= 2007 West Bengal food riots =

Riots in India

The 2007 West Bengal food riots took place in West Bengal, India over shortage of food and widespread corruption in the public distribution system. The riots first happened in Burdwan, Bankura, and Birbhum districts but later spread to other districts. The riots started on 16 September 2007 in Radhamohanpur village in Bankura district.

Three villagers were shot dead and more than 300 villagers were injured in riots. At least three ration distributors committed suicide. The State Government suspended 113 dealers and served show cause notices to 37 food inspectors. A Supreme Court of India appointed committee has found wide-spread corruption to be the root cause of the riots.

==Causes==
India had a public distribution system that was used to distribute food grains to poor people at affordable prices fixed by the government. These food grains are distributed through Ration Shops, to card-holders. Many of these ration shop dealers were also Rice Mill owners, able to control the entire chain of supply. In 2007-08 a worldwide phenomenon of increasing food prices motivated some of the dealers to sell quality food grains in open market while inferior quality grain was distributed through the ration shops. At the same time, a move by the state government to exclude some of the families above poverty line from the PDS system. Faced with increasing food prices, this led to increasing discontent among the masses.

In many places, the houses of local PDS dealers were set on fire and looted in many instances. The threat of violence and public humiliation also led to a few PDS dealers committing suicide. The riots originated from Bankura district in the latter half of the year, soon spreading across many other districts in the state.

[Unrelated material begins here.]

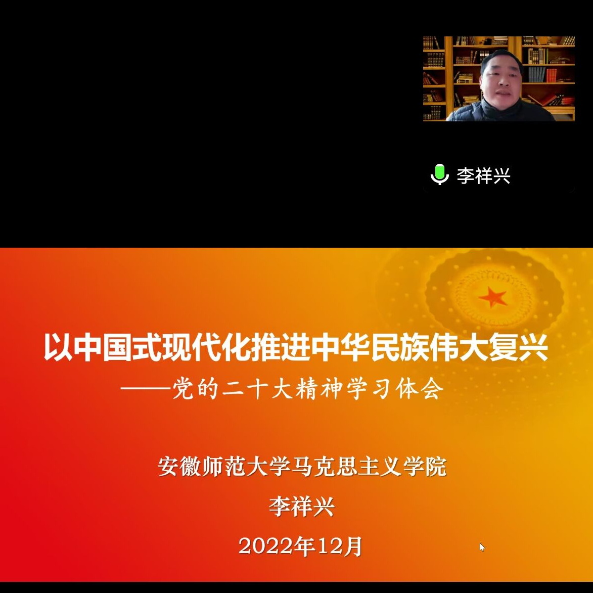 按照省委教育工委统一部署,12月21日,全省高校学习宣传贯彻党的二十大精神专场宣讲报告会在世界杯官网举行。安徽师范大学马克思主义学院副院长、省委讲师团高端宣讲专家、省高校师生巡讲团成员李祥兴教授应邀在线上作专题宣讲报告。校党委书记孙晓峰主持报告会。校党委理论学习中心组成员,部门主要负责同志、二级学院党政主要负责同志集中收看了报告会。

A report by the commission appointed by the Supreme Court of India found that wide spread corruption and diversion of superior quality food grains caused the riots. The report said studies conducted by the government had shown that 34.9% of rice and 86.6% of wheat meant for PDS got diverted, while 83% of wheat meant for below poverty line people and 60% of rice (the essential diet of the poorest of the BPL families) also got stolen.